Data streams, continuous sequences of timestamped data points, necessitate real-time monitoring due to their time-sensitive nature. In various data stream applications, such as network security and credit card transaction monitoring, real-time detection of outliers is crucial, as these outliers often signify potential threats. Equally important is the real-time explanation of outliers, enabling users to glean insights and thereby shorten their investigation time. The investigation time for outliers is closely tied to their number of attributes, making it essential to provide explanations that detail which attributes are responsible for the abnormality of a data point, referred to as outlying attributes. However, the unbounded volume of data and concept drift of data streams pose challenges for discovering the outlying attributes of outliers in real time. In response, in this paper we propose EXOS, an algorithm designed for discovering the outlying attributes of multi-dimensional outliers in data streams. EXOS leverages cross-correlations among data streams, accommodates varying data stream schemas and arrival rates, and effectively addresses challenges related to the unbounded volume of data and concept drift. The algorithm is model-agnostic for point outlier detection and provides real-time explanations based on the local context of the outlier, derived from time-based tumbling windows. The paper provides a complexity analysis of EXOS and an experimental analysis comparing EXOS with existing algorithms. The evaluation includes an assessment of performance on both real-world and synthetic datasets in terms of average precision, recall, F1-score, and explanation time. The evaluation results show that, on average, EXOS achieves a 45.6% better F1 Score and is 7.3 times lower in explanation time compared to existing outlying attribute algorithms.

查看原文

微信好友朋友圈 QQ好友复制链接

本刊更多论文

发现数据流中异常值的离群属性

数据流是带有时间戳的数据点的连续序列，由于其时间敏感性，有必要对其进行实时监控。在网络安全和信用卡交易监控等各种数据流应用中，实时检测异常值至关重要，因为这些异常值往往意味着潜在的威胁。同样重要的是对异常值进行实时解释，使用户能够获得深刻见解，从而缩短调查时间。异常值的调查时间与其属性数量密切相关，因此必须提供解释，详细说明造成数据点异常的属性，即异常属性。然而，数据流的无限制数据量和概念漂移给实时发现异常值的离群属性带来了挑战。为此，我们在本文中提出了 EXOS 算法，该算法旨在发现数据流中多维离群值的离群属性。EXOS 可利用数据流之间的交叉相关性，适应不同的数据流模式和到达率，并能有效解决与无限制数据量和概念漂移相关的挑战。该算法在离群点检测方面与模型无关，并根据基于时间的翻滚窗口得出的离群点局部上下文提供实时解释。论文提供了 EXOS 的复杂性分析以及 EXOS 与现有算法比较的实验分析。评估包括对实际数据集和合成数据集的平均精确度、召回率、F1-分数和解释时间的性能评估。评估结果表明，与现有的离群属性算法相比，EXOS 的 F1 分数平均提高了 45.6%，解释时间缩短了 7.3 倍。
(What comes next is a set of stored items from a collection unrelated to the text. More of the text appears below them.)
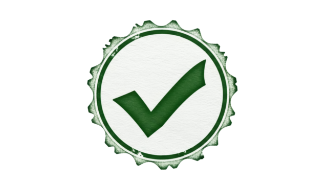 Green check mark symbol representing approval, confirmation, success, and validation on a transparent background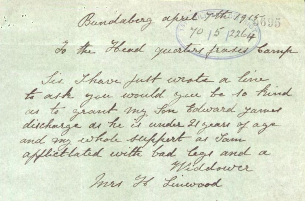 “Sir, I have just wrote a line to ask you would you be so kind as to grant my son Edward James discharge as he is under 21 years of age and my whole support, as I am afflicted with bad legs and a widower.” — Mrs H. Linwood, Bundaberg, 9 April 1915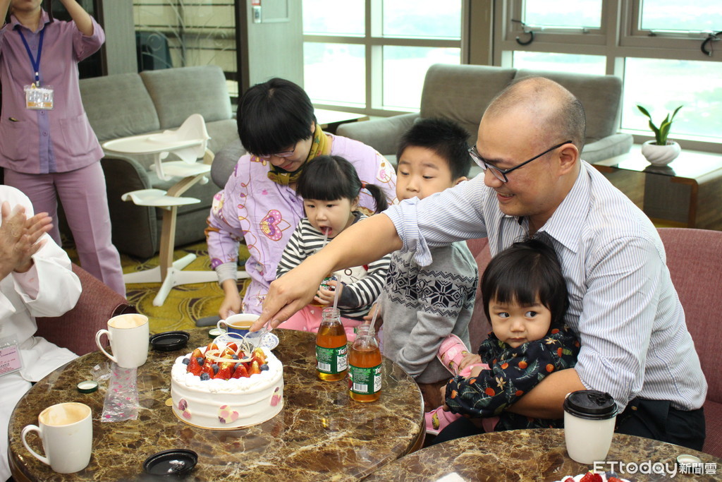 ▲義大產後護理之家慶賀首位多寶媽「五年生五個」。(圖/記者許宥孺翻攝)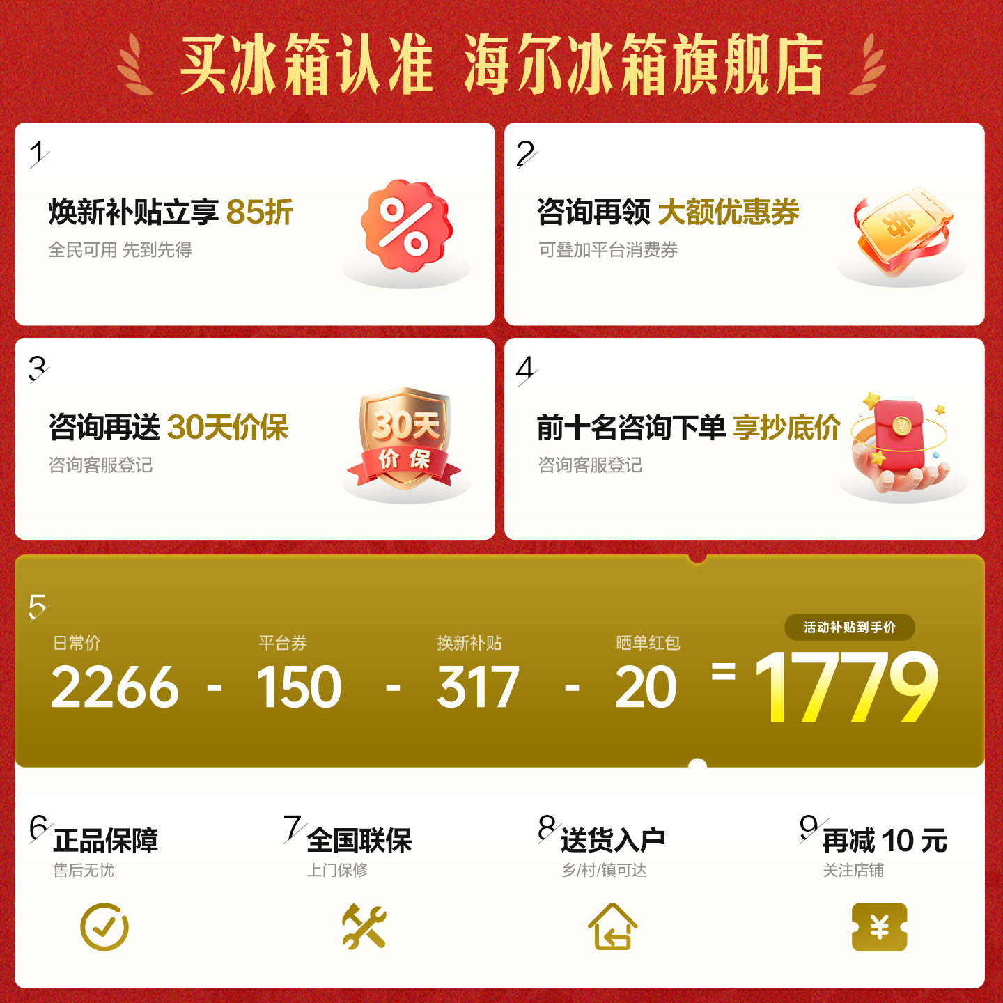 海尔冰箱以旧换新补贴476L十字双开门大容量家用一级能效无霜官方
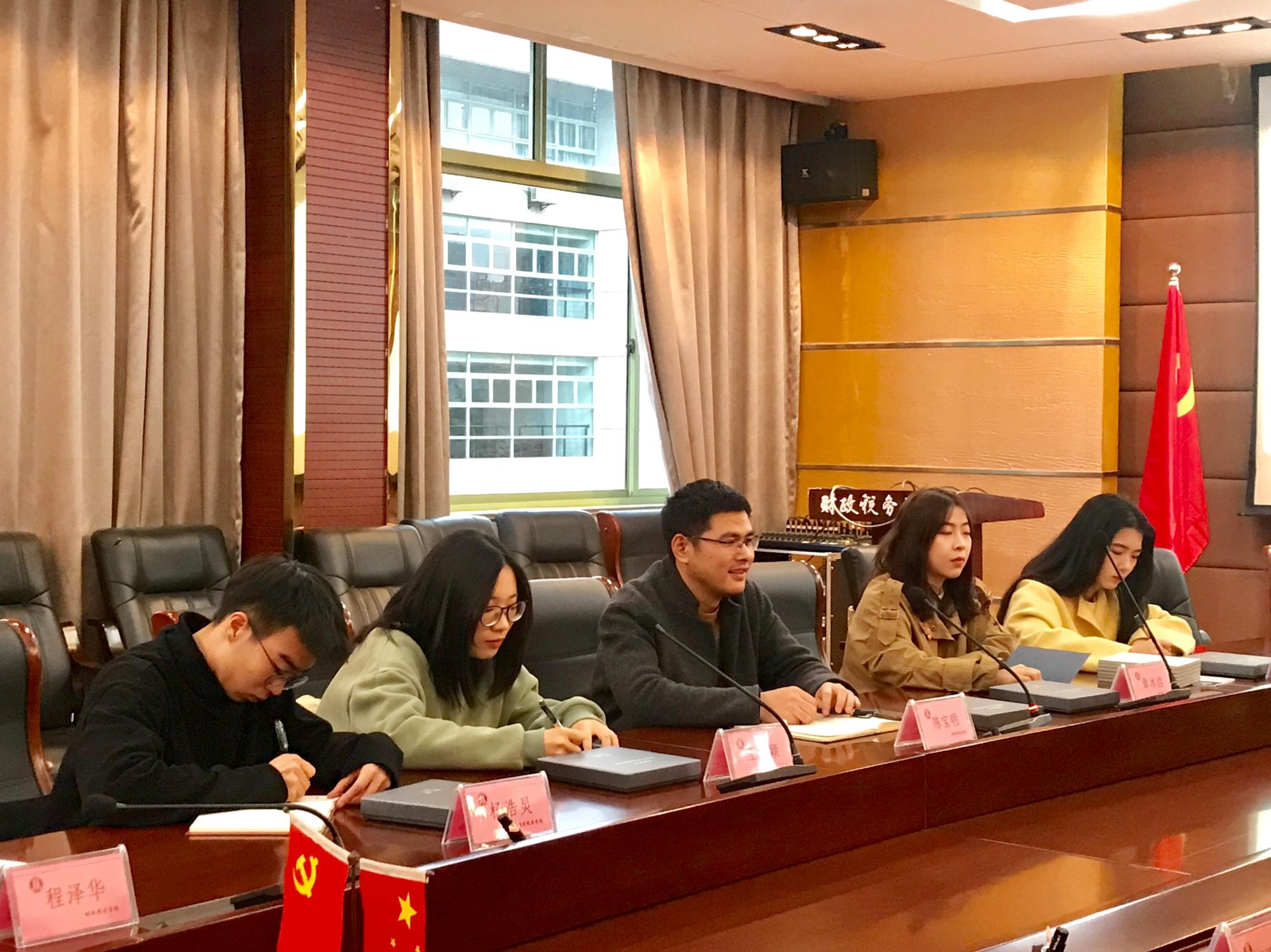 会议伊始,财政税务学院团委书记毕岩智对我们的到来表示热烈的欢迎,介绍了到场参会人员并简单介绍了学院团学工作概况,我院团委书记陈宝明表达了此次交流的目的和期待。

本文章由计算机程序翻译，如有差异，请以英文原文为准。

求助全文

约1分钟内获得全文去求助

来源期刊

Data & Knowledge Engineering 工程技术-计算机：人工智能

CiteScore

5.00

自引率

0.00%

发文量

审稿时长

6 months

期刊介绍： Data & Knowledge Engineering (DKE) stimulates the exchange of ideas and interaction between these two related fields of interest. DKE reaches a world-wide audience of researchers, designers, managers and users. The major aim of the journal is to identify, investigate and analyze the underlying principles in the design and effective use of these systems.